A nurse is caring for a client who is receiving mechanical ventilation via an endotracheal tube. Which of the following findings should the nurse report to the provider?
- A. The client's oxygen saturation is 95%.
- B. The client's cuff pressure is 35 cm H2O.
- C. The client's respiratory rate is 16 breaths/min.
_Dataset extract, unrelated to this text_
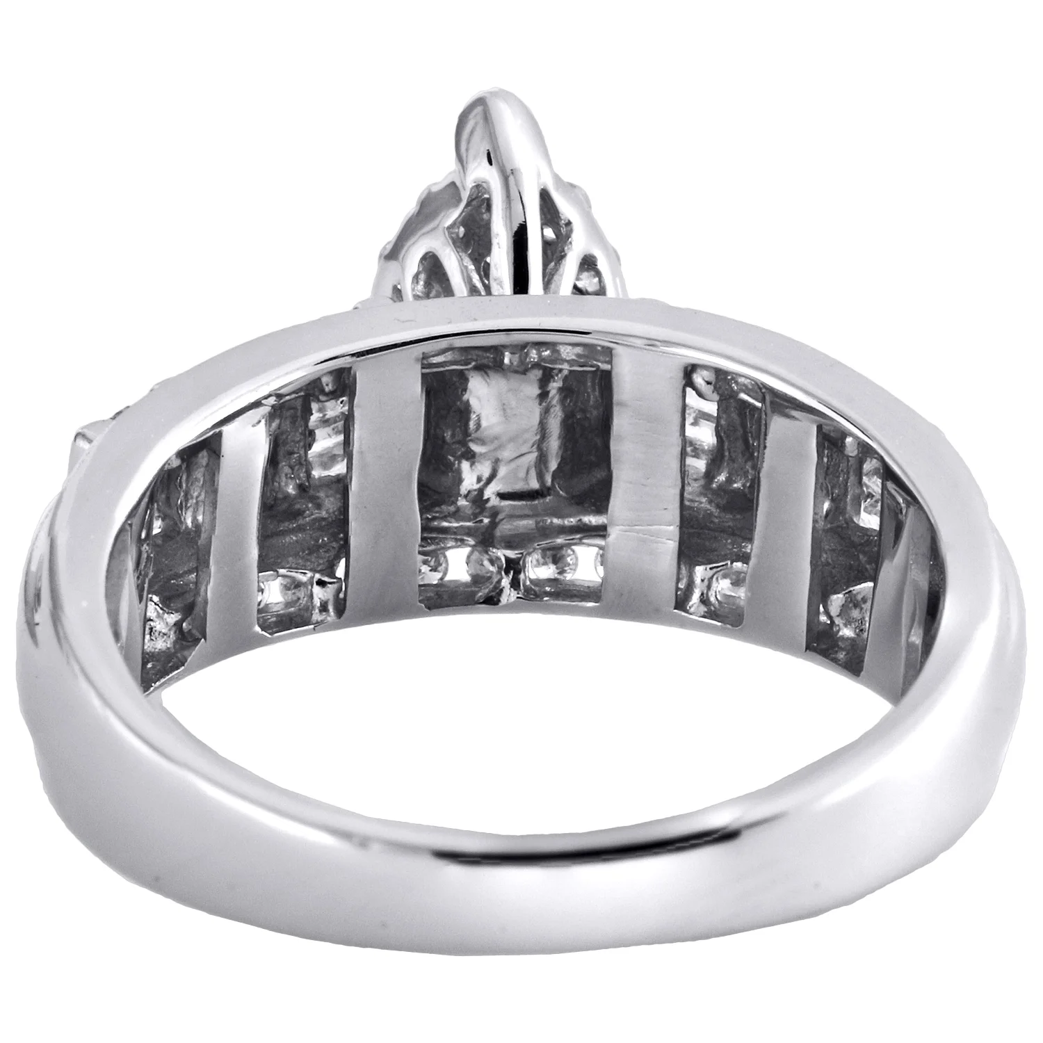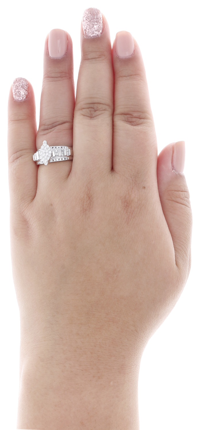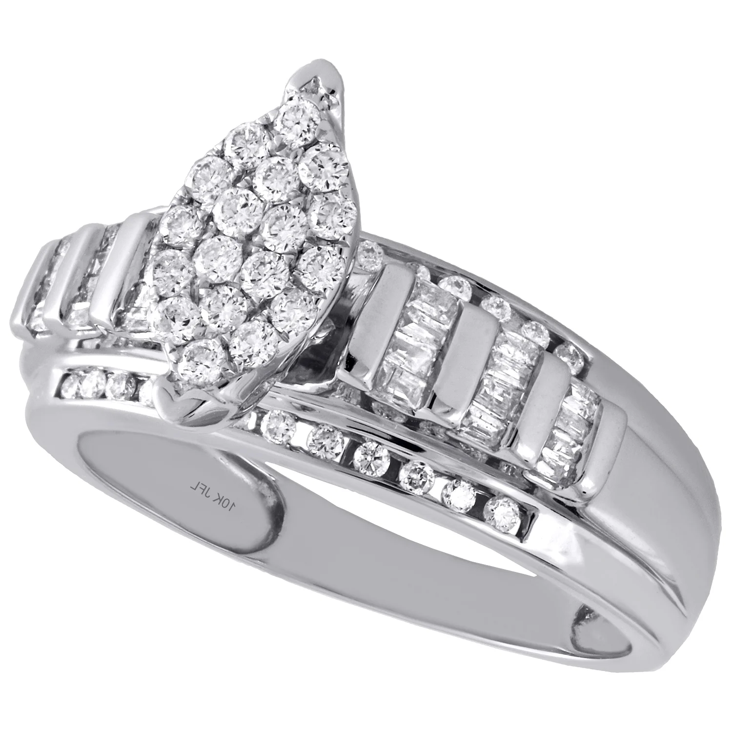 10K White Gold Round Diamond Marquise Cluster Ladies Engagement Ring 0.50 Ct.

- D. The client's temperature is 37.1°C (98.8°F).
Correct Answer: B
Rationale: A cuff pressure of 35 cm H2O (above 20-30 cm H2O) risks tracheal damage, requiring reporting. Normal saturation, respiratory rate, and temperature are unremarkable.
A nurse is reinforcing teaching with a client who has a new prescription for fluoxetine. Which of the following statements should the nurse include?
- A. You should take this medication at bedtime.
- B. You might experience weight loss while taking this medication.
- C. You need to avoid tyramine-rich foods while taking this medication.
- D. You can expect symptom improvement within 24 hours.
Correct Answer: A
Rationale: Fluoxetine is often taken at bedtime to minimize daytime side effects like agitation. Weight changes vary, tyramine isn't a concern, and effects take weeks.